### Problem requirements
Return the listing below unchanged, minus its pictures.

### Data segment
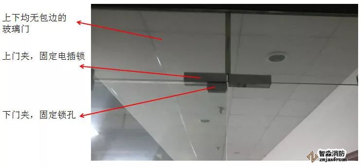 电插锁是暗装,要将锁体埋入门框内,上图是电插锁最常见的安装方式,要求玻璃门上下均有包边
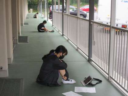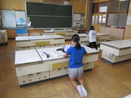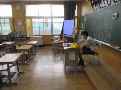 4月から学習用タブレットを活用した学び合いに学年に応じて取り組んできました。今日はもしかに備えて、学校内でオンライン授業を実施しました。(6年生)担任は教室で、子どもたちは各所に散って算数の授業を行っています。(画面をずっと見ているのは辛い?!〉
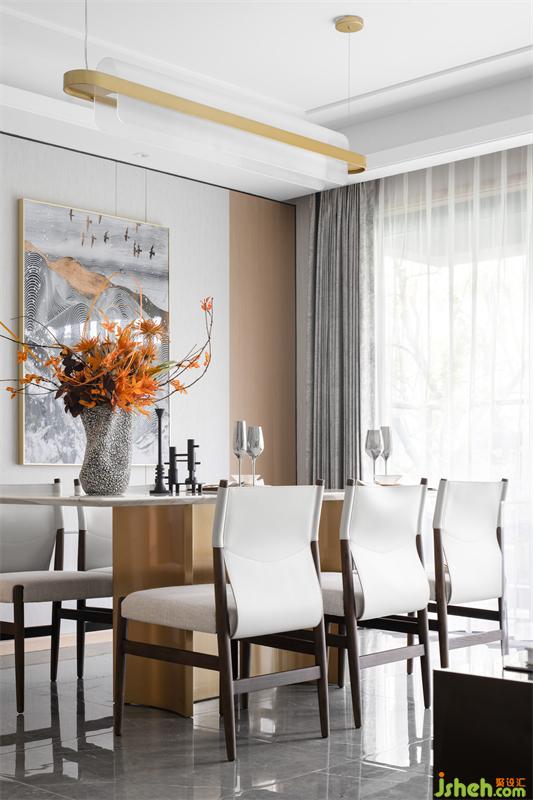 餐厅一直是中国家庭的居心地。素色的餐桌椅搭配造型别致的金属吊灯,样板房设计为这个畅谈相聚的区域加入现代的美感。
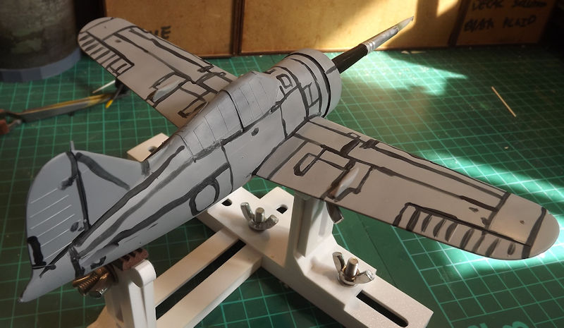 I've recently seen someone pre-shading using black wash and decided to try something similar by brush painting the panel lines with black.

### Expected output
 电插锁是暗装,要将锁体埋入门框内,上图是电插锁最常见的安装方式,要求玻璃门上下均有包边
 4月から学習用タブレットを活用した学び合いに学年に応じて取り組んできました。今日はもしかに備えて、学校内でオンライン授業を実施しました。(6年生)担任は教室で、子どもたちは各所に散って算数の授業を行っています。(画面をずっと見ているのは辛い?!〉
 餐厅一直是中国家庭的居心地。素色的餐桌椅搭配造型别致的金属吊灯,样板房设计为这个畅谈相聚的区域加入现代的美感。
 I've recently seen someone pre-shading using black wash and decided to try something similar by brush painting the panel lines with black.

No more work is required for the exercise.